Flying vehicle ride

Abstract

A flying vehicle ride includes an upstanding tower and a plurality of flying vehicles suspended from the tower for rotation about a vertical axis. The flying vehicles each include a pair of wings that are movable under the control of the rider between a neutral position, a first lift generating position in which the wings generate outward lift, and a second lift generating position in which the wings generate inward lift. As such, manipulation of the wings during rotation of the vehicle about the tower generates lift that alters the path of travel of the vehicle, permitting the rider to move the vehicle higher or lower relative to the tower than would otherwise be possible.

Description

BACKGROUND OF THE INVENTION

The present invention relates generally to amusement rides, and more particularly to a ride having flying vehicles with manually controlled lift-generating wings.

It is known to provide a roundabout having an upstanding tower, a plurality of sweeps supported on the tower for rotation about a vertical axis, a motor or engine for driving rotation of the sweeps, and a plurality of cars for carrying occupants around the tower during rotation of the sweeps. Improvements in this basic type of amusement ride have resulted in many diverse car constructions, each attempting to provide riders with a new experience or sensation not previously available. As such, riders anticipate the development of new rides, and expect to experience new thrills as the art evolves and as new rides are introduced.

SUMMARY OF THE INVENTION

It is an object of the present invention to provide a flying vehicle ride that delivers an experience to riders that cannot be experienced in conventional rides, and that includes flying vehicles with wings that can be controlled by the rider to effect bidirectional lift of the vehicle so that the rider can alter the path of travel of the vehicle inward or outward of a circular path that would otherwise be followed in the absence of such lift.

In accordance with these and other objects evident from the following description of a preferred embodiment of the invention, the ride includes an upstanding tower defining a vertical axis, a plurality of sweeps supported on the tower for rotation about the vertical axis, and a drive means for driving rotation of the sweeps. A flying vehicle is suspended from the sweeps and includes a pair of wings that are movable between a neutral position, a first lift generating position in which the wings generate outward lift, and a second lift generating position in which the wings generate inward lift. In addition, the vehicle includes a manually actuated control means for controlling movement of the wings between the neutral and lift generating positions.
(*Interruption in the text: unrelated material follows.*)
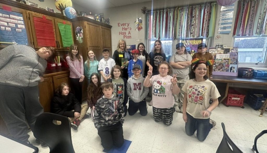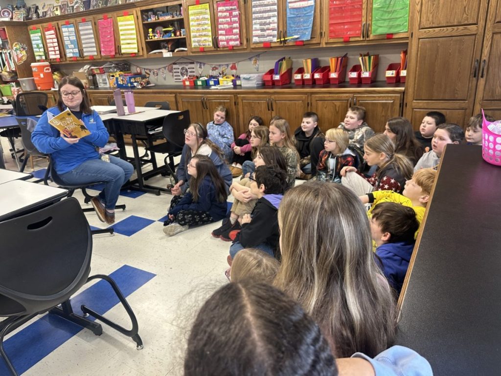 Kaitlyn Slaughter with LifeSkills, Inc. reading to students. Photo | Metcalfe County Schools

By providing an apparatus in accordance with the present invention, numerous advantages are realized. For example, by providing a vehicle having a pair of wings that generate lift when moved in either direction from the neutral position, it is possible for a rider to alter the path of travel of the vehicle, moving the vehicle higher or lower relative to the tower than would otherwise be possible if no lift were generated.

BRIEF DESCRIPTION OF THE DRAWING

The preferred embodiment of the present invention is described in detail below with reference to the attached drawing figures, wherein:

FIG. 1 is a front elevational view of a flying vehicle ride constructed in accordance with the preferred embodiment, illustrating the ride during loading;

FIG. 2 is a front elevational view of the ride, illustrating a pair of flying vehicles being rotated about a vertical axis of the ride;

FIG. 3 is a side perspective view of a flying vehicle forming a part of the ride;

FIG. 4 is a rear perspective view of the vehicle;

FIG. 5 is a front elevational view of the vehicle;

FIG. 6 is a rear elevational view of the vehicle;

FIG. 7 is a sectional view of the vehicle taken along line 7--7 of FIG. 5;

FIG. 8 is a sectional view of the vehicle taken along line 8--8 of FIG. 5; and

FIG. 9 is a side perspective view of an alternate construction of the flying vehicle.

DETAILED DESCRIPTION OF THE PREFERRED EMBODIMENT

A flying vehicle ride constructed in accordance with the preferred embodiment is illustrated in FIG. 1, and broadly includes a tower 10, a hub 12 supported on the tower for rotation about a vertical axis, a plurality of sweeps 14 secured to the hub and protruding radially outward from the tower, and a plurality of flying vehicles 16 suspended from the sweeps.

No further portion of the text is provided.